## [WORK REQUEST]
Below are entries; copy exactly, and only, the lines from the one containing "LAV Separator for LAV 25mm gun turret" through their final line, leaving out pictures.

Data excerpts
==================================================
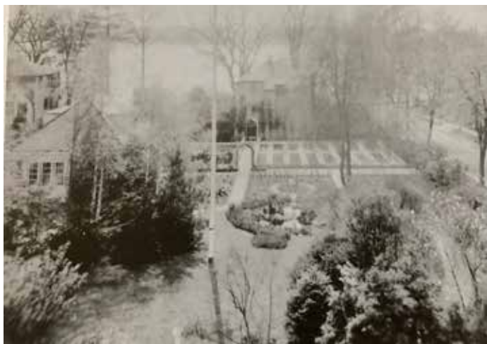
The formal rose garden at Roselawn, ca. 1920, one of the more elaborate gardens ever built in Douglas Manor. In the 1950s the garden was demolished for construction of a new house at 10 Manor Road.

When the Douglaston Garden Club was founded in 1921, it joined a movement that began in the nineteenth century, as women joined together in all kinds of associations: sewing circles, literary and musical societies, groups supporting charitable and patriotic causes, and garden clubs. In 1891, The Ladies Garden Club of Athens, Georgia, was the first garden club to form. In 1913, The Garden Club of America was founded, not long before Douglaston's own. In 1929, The National Council of State Garden Club Federations (now National Garden Clubs, Inc.) was organized with thirteen states signing on as charter members.
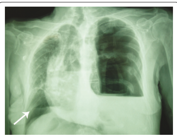
Figure 1 Initial chest x-ray showing a left tension pneumothorax with shift of the mediastinum to the right, pleural effusion left, basal dorsolateral rib fractures. There's also air visible under the right diaphragm (arrow).

this procedure the herniated and perforated part of the colon was removed, a transdiaphragmatic lavage was undertaken and the omentum was used to close the diaphragmatic defect (Figures 3 and 4). A mesh or sutures were not used since the abdomen was contaminated with feces. The 92-year-old-patient deceased on the fourth post-operative day due to respiratory insufficiency. Both the patient and family were in consent for abstinence from further invasive therapy.
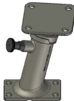
LAV Separator for LAV 25mm gun turret
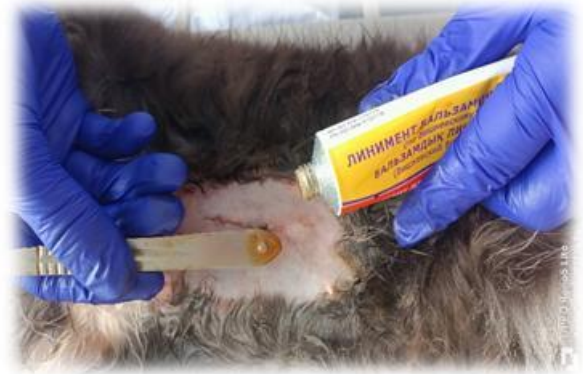
Figure 1 – Postoperative wound treatment in the experimental groups (Day 1)
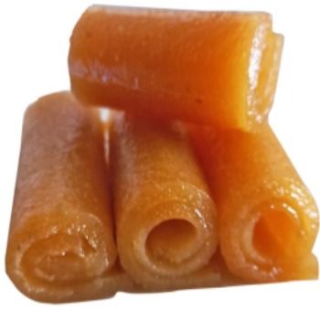
Guava Fruit Roll Up
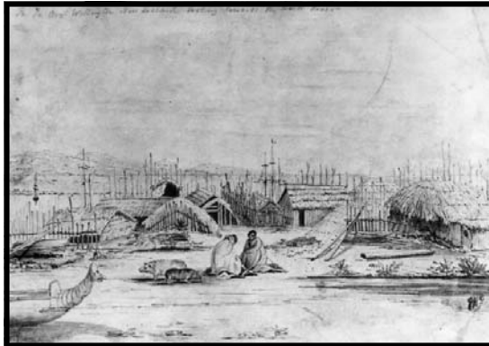
Pencil drawing of Te Aro Pa looking towards the Hutt River (circa 1842) attributed to Edmund Norman, Alexander Turnbull Library Ref: A-049-001

changed to allow the preservation in totality.
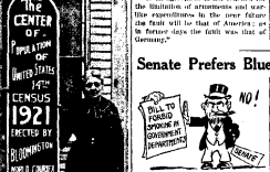
The CENTER OF POPULATION OF THE UNITED STATES IN 1921, AS DETERMINED BY THE BUREAU OF THE CENSUS, IS LOCATED AT THE POINT WHERE THE RED LINE CUTS THE GREEN LINE.
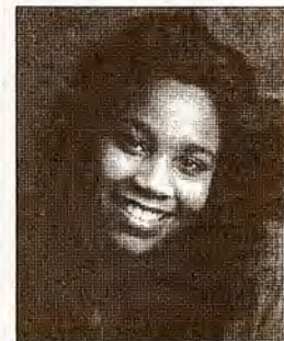
Address correspondence to BAM's South Bay office: 20 Harold Ave., #39, San Jose 95117.
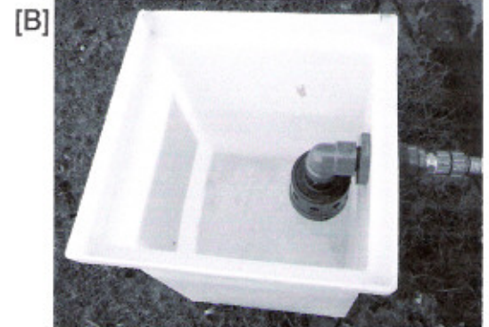
TANK WITH VALVE PROPERLY INSTALLED

The tank comes with a pre-drilled 2-inch hole. The "float valve mechanism" installs through this hole so that the float valve is on the inside, and the garden hose attachment is on the outside.
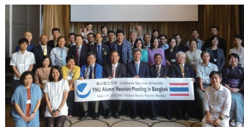
2016 YNU Thailand Alumni meeting group photo

For details see: http://www.ynu.ac.jp/hus/alumni/15630/detail.html
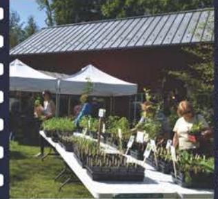
Native Plant Sales
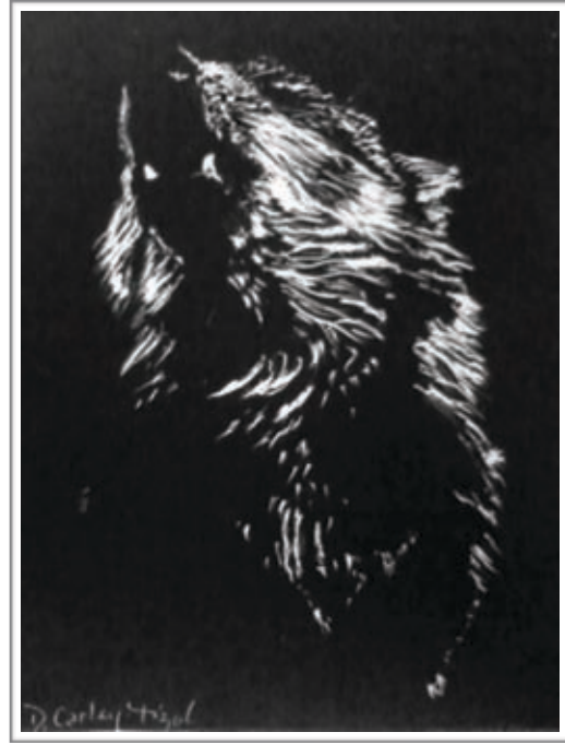
“Black Beauty” and “Call of the Wild” ‘5x7 scratchboard works by Donna Tizol
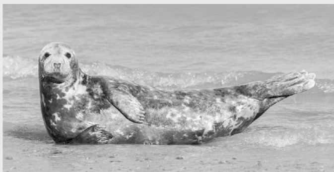
A seal acrobat on the beach.

So how do creatures that live in the sea get the water they need?
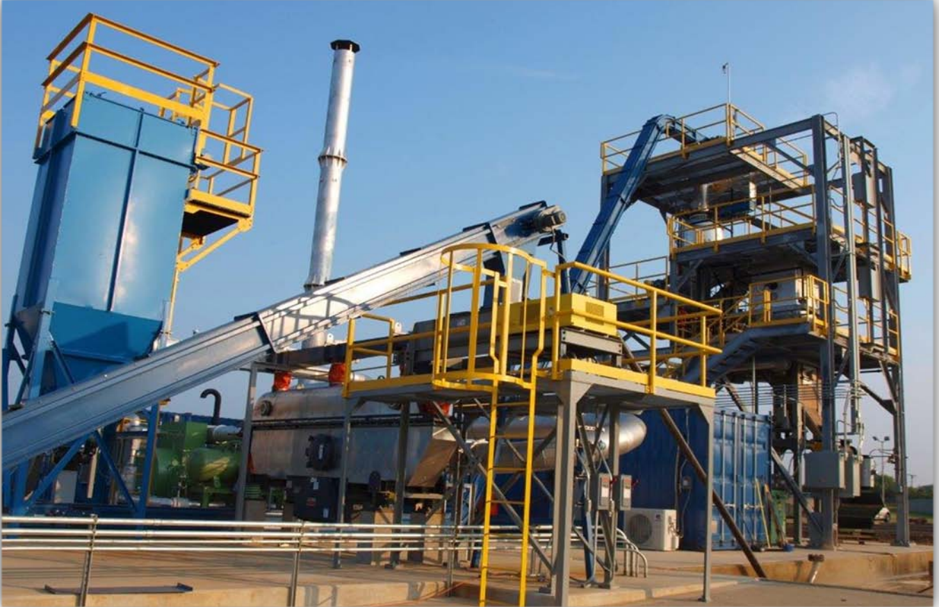
Photo: PHG Energy - Covington, TN Gasification Facility - 2014
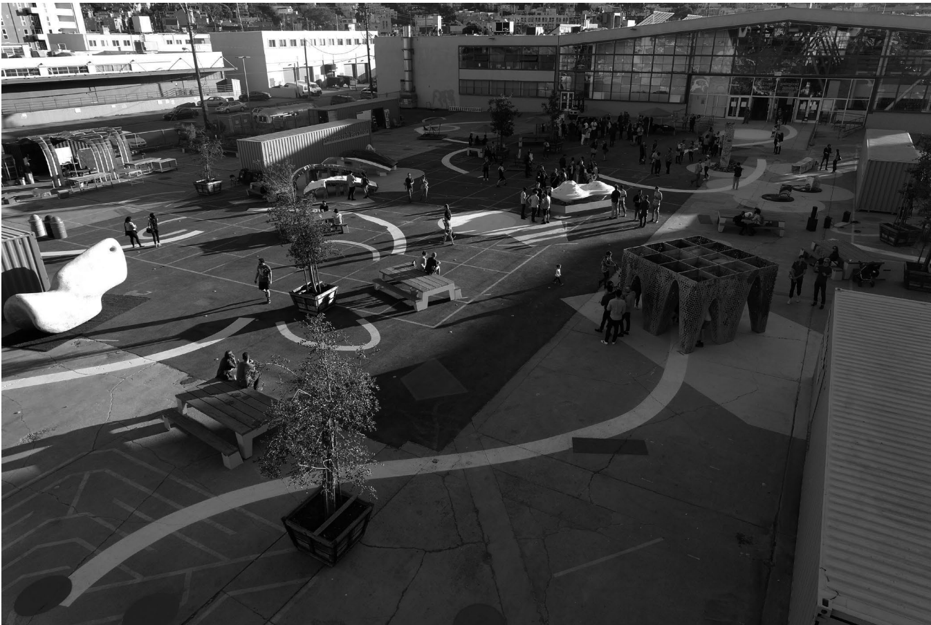
Figure 3: Social event.

than the urban context of San Francisco itself. This urbanism is not picturesque. Though it is spatially ambient and immersive, it is best comprehended in plan view. In fact, it is a kind of urbanism that most literally occupies and activates the plan drawing, though it accommodates erasures, additions, or alterations to the 1:1 drawing as the terms of its urbanism are edited from both top-down (the institution) and bottom-up (the student body).
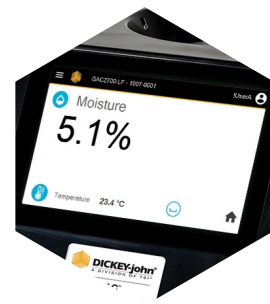
Easy-to-Read Results Screen
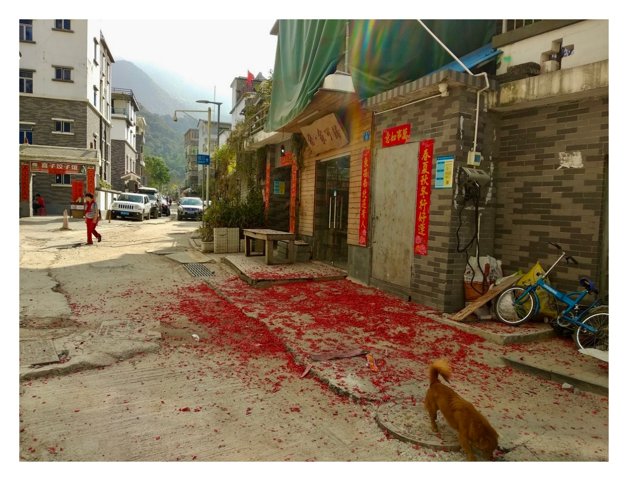
Figure 1 Wutong village streets.
==================================================
## [OUTPUT OF THE TASK]
LAV Separator for LAV 25mm gun turret
Figure 1 – Postoperative wound treatment in the experimental groups (Day 1)
Guava Fruit Roll Up
Pencil drawing of Te Aro Pa looking towards the Hutt River (circa 1842) attributed to Edmund Norman, Alexander Turnbull Library Ref: A-049-001

changed to allow the preservation in totality.
The CENTER OF POPULATION OF THE UNITED STATES IN 1921, AS DETERMINED BY THE BUREAU OF THE CENSUS, IS LOCATED AT THE POINT WHERE THE RED LINE CUTS THE GREEN LINE.
Address correspondence to BAM's South Bay office: 20 Harold Ave., #39, San Jose 95117.
TANK WITH VALVE PROPERLY INSTALLED

The tank comes with a pre-drilled 2-inch hole. The "float valve mechanism" installs through this hole so that the float valve is on the inside, and the garden hose attachment is on the outside.
2016 YNU Thailand Alumni meeting group photo

For details see: http://www.ynu.ac.jp/hus/alumni/15630/detail.html
Native Plant Sales
“Black Beauty” and “Call of the Wild” ‘5x7 scratchboard works by Donna Tizol
A seal acrobat on the beach.

So how do creatures that live in the sea get the water they need?
Photo: PHG Energy - Covington, TN Gasification Facility - 2014
Figure 3: Social event.

than the urban context of San Francisco itself. This urbanism is not picturesque. Though it is spatially ambient and immersive, it is best comprehended in plan view. In fact, it is a kind of urbanism that most literally occupies and activates the plan drawing, though it accommodates erasures, additions, or alterations to the 1:1 drawing as the terms of its urbanism are edited from both top-down (the institution) and bottom-up (the student body).
Easy-to-Read Results Screen
Figure 1 Wutong village streets.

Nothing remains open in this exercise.